▶ _RECORDS FOR THIS EXERCISE_:
========
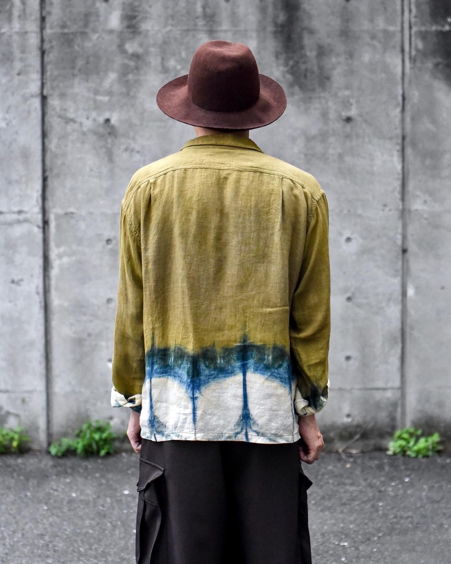 STORY mfg.のインド製のオーガニックリネンを使用したムラ染デザインのオープンカラーシャツ。
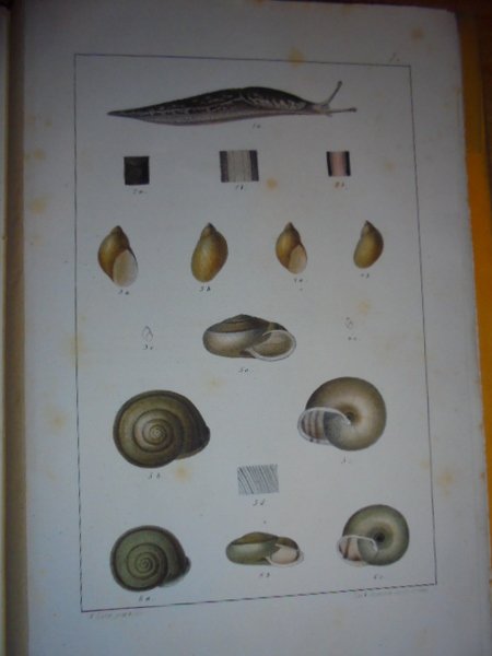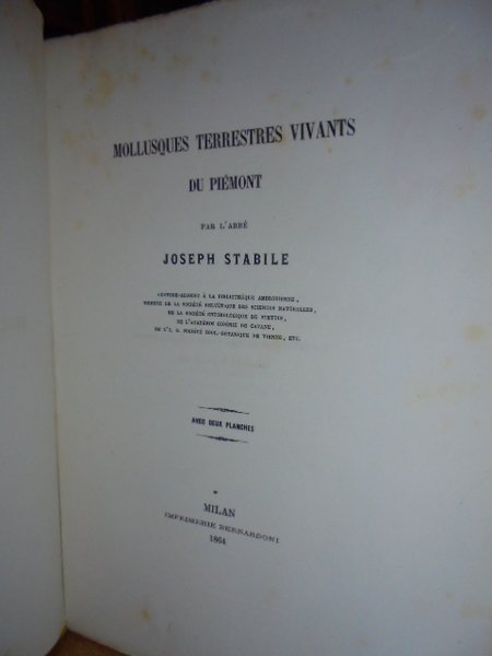 Mollusques terrestres vivants du Piémont. STABILE, Joseph. Milan, Bernardoni, 1864. In - 8° grande, br. cop. orig. 141, (1) pp. e 2 tavole (una a colori) f.t. Edizione a tiratura limitata estratta dagli Atti della società di Scienze Naturali. Ottimo esemplare. Neg. mob. 6
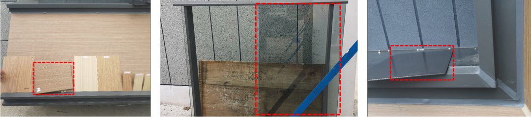 仿木纹铝板,栏杆玻璃、深灰色铝板选样
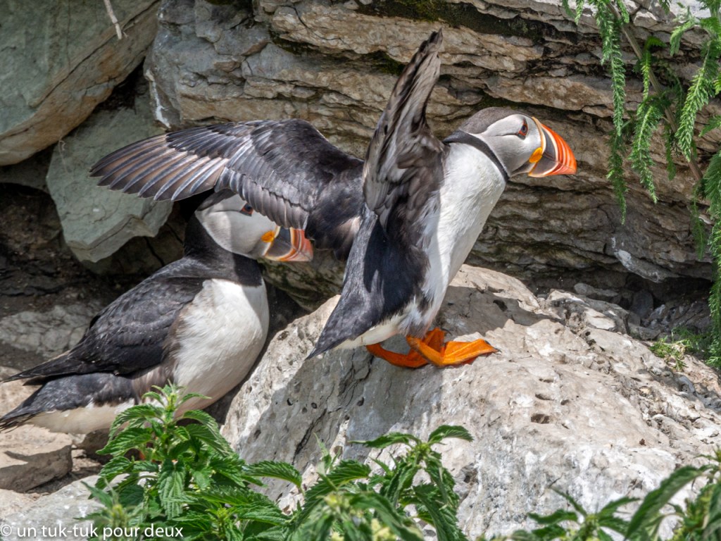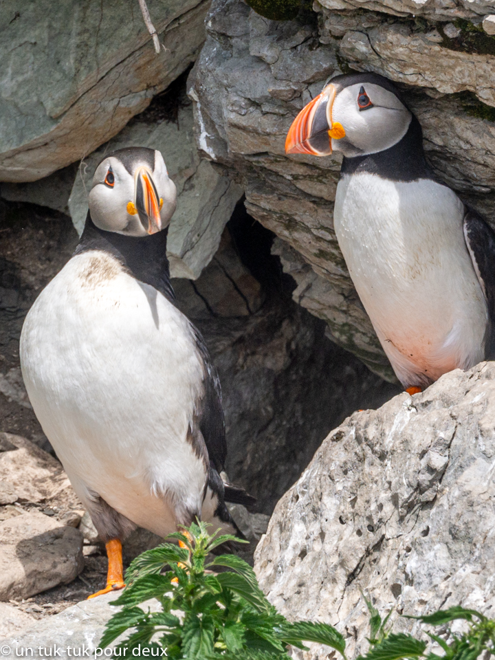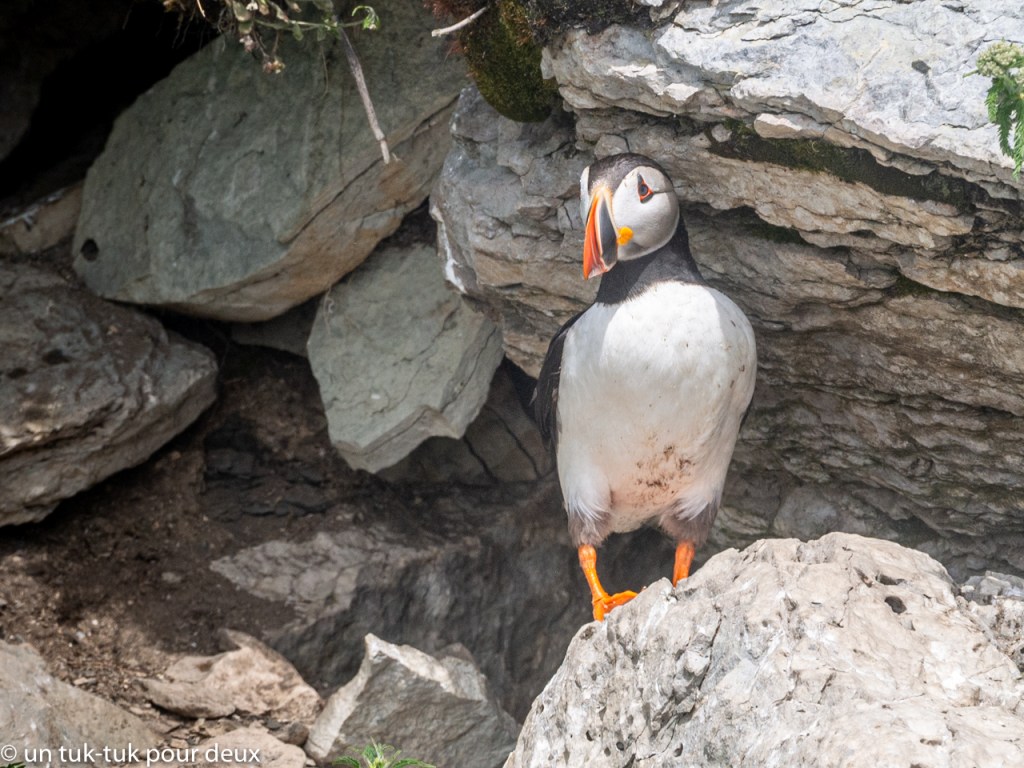 De ce côté, il y a un dégagement à l’endroit où nichent les oiseaux et où l’on aperçoit notre premier macareux moine. Eurêka! On s’installe par terre et la photographe prend son plaisir en mitraillant les petits volatiles. D’ailleurs, si l’île porte le nom de perroquets, c’est justement à cause de cet oiseau surnommé « petit perroquet ». Devinez pourquoi. Bien sûr, en raison de son bec coloré qui s’apparente à celui d’un perroquet.
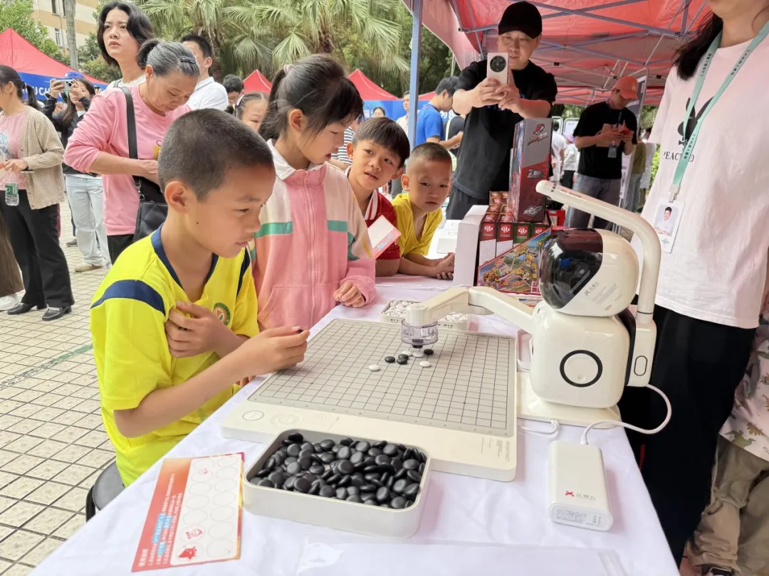 智慧教育展区则成为孩子们的“科技乐园”。工大机器人基地项目带来了机器狗、跳舞机器人、下棋机器人、大疆战车、机甲等智能设备,广西智都科技有限公司展示了机器狗、智能眼镜和足球无人机,中广数字科技(广西)有限公司带来了AI鼠标、AI学习平板、AI翻译器等产品,南宁山姆超市有限公司的北斗AI智能点读地球仪和元萝卜下棋机器人也吸引众多孩子驻足体验。
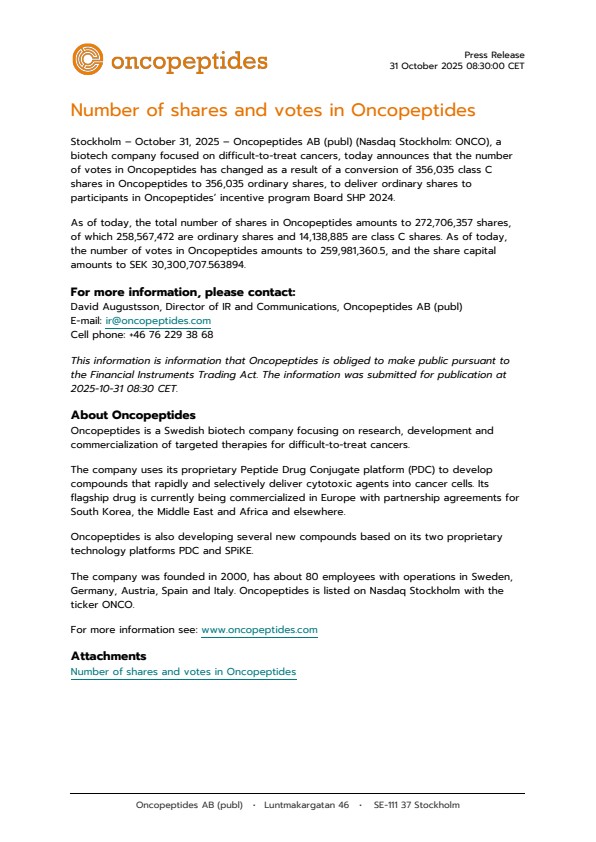 Stockholm – October 31, 2025 – Oncopeptides AB (publ) (Nasdaq Stockholm: ONCO), a biotech company focused on difficult-to-treat cancers, today announces that the number of votes in Oncopeptides has changed as a result of a conversion of 356,035 class C shares in Oncopeptides to 356,035 ordinary shares, to deliver ordinary shares to participants in Oncopeptides’ incentive program Board SHP 2024.
========
▶ _EXERCISE INSTRUCTIONS_: What is needed is a word-for-word copy of the lines from the start of the data to the line with "De ce côté, il", inclusive, with no pictures in it.

▶ _RESPONSE BOX_:
 STORY mfg.のインド製のオーガニックリネンを使用したムラ染デザインのオープンカラーシャツ。
 Mollusques terrestres vivants du Piémont. STABILE, Joseph. Milan, Bernardoni, 1864. In - 8° grande, br. cop. orig. 141, (1) pp. e 2 tavole (una a colori) f.t. Edizione a tiratura limitata estratta dagli Atti della società di Scienze Naturali. Ottimo esemplare. Neg. mob. 6
 仿木纹铝板,栏杆玻璃、深灰色铝板选样
 De ce côté, il y a un dégagement à l’endroit où nichent les oiseaux et où l’on aperçoit notre premier macareux moine. Eurêka! On s’installe par terre et la photographe prend son plaisir en mitraillant les petits volatiles. D’ailleurs, si l’île porte le nom de perroquets, c’est justement à cause de cet oiseau surnommé « petit perroquet ». Devinez pourquoi. Bien sûr, en raison de son bec coloré qui s’apparente à celui d’un perroquet.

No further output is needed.